_What you should do_:
Pictures are to be left out, and only the lines below starting at the one with "기존에 사용하던 튜브 이렇게 바람 뺄려면 노즐을 풀수 있는 장비 필요함." and ending at the one with "Was driving to" are to be reproduced, each exactly, both ends included.

------ Source information

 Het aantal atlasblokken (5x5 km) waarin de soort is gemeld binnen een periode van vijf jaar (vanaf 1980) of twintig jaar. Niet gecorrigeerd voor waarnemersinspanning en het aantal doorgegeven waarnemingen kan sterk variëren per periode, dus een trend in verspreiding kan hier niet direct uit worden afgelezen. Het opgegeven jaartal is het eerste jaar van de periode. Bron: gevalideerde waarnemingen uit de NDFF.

------------
------ Source information

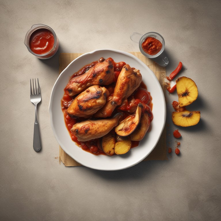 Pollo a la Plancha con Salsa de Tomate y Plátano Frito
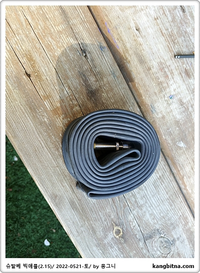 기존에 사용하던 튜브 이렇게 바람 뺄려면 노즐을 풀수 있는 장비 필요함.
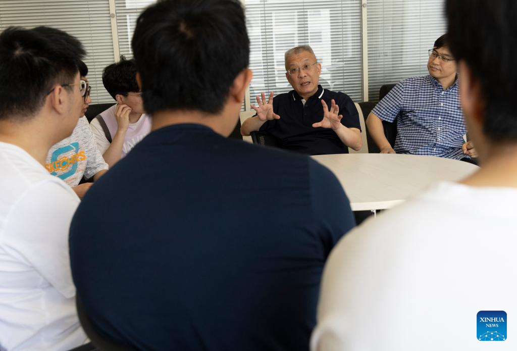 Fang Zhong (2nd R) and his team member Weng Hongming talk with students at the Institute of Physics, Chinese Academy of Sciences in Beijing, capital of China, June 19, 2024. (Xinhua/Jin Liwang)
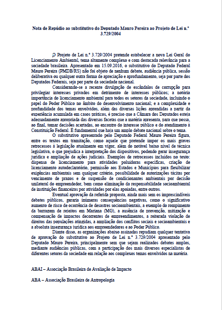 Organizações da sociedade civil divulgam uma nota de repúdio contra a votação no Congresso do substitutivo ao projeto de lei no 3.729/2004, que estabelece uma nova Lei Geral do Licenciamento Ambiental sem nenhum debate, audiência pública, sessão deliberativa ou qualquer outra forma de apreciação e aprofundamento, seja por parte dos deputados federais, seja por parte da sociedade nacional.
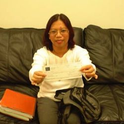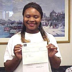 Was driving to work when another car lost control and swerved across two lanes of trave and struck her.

------------

_Your response_:
 기존에 사용하던 튜브 이렇게 바람 뺄려면 노즐을 풀수 있는 장비 필요함.
 Fang Zhong (2nd R) and his team member Weng Hongming talk with students at the Institute of Physics, Chinese Academy of Sciences in Beijing, capital of China, June 19, 2024. (Xinhua/Jin Liwang)
 Organizações da sociedade civil divulgam uma nota de repúdio contra a votação no Congresso do substitutivo ao projeto de lei no 3.729/2004, que estabelece uma nova Lei Geral do Licenciamento Ambiental sem nenhum debate, audiência pública, sessão deliberativa ou qualquer outra forma de apreciação e aprofundamento, seja por parte dos deputados federais, seja por parte da sociedade nacional.
 Was driving to work when another car lost control and swerved across two lanes of trave and struck her.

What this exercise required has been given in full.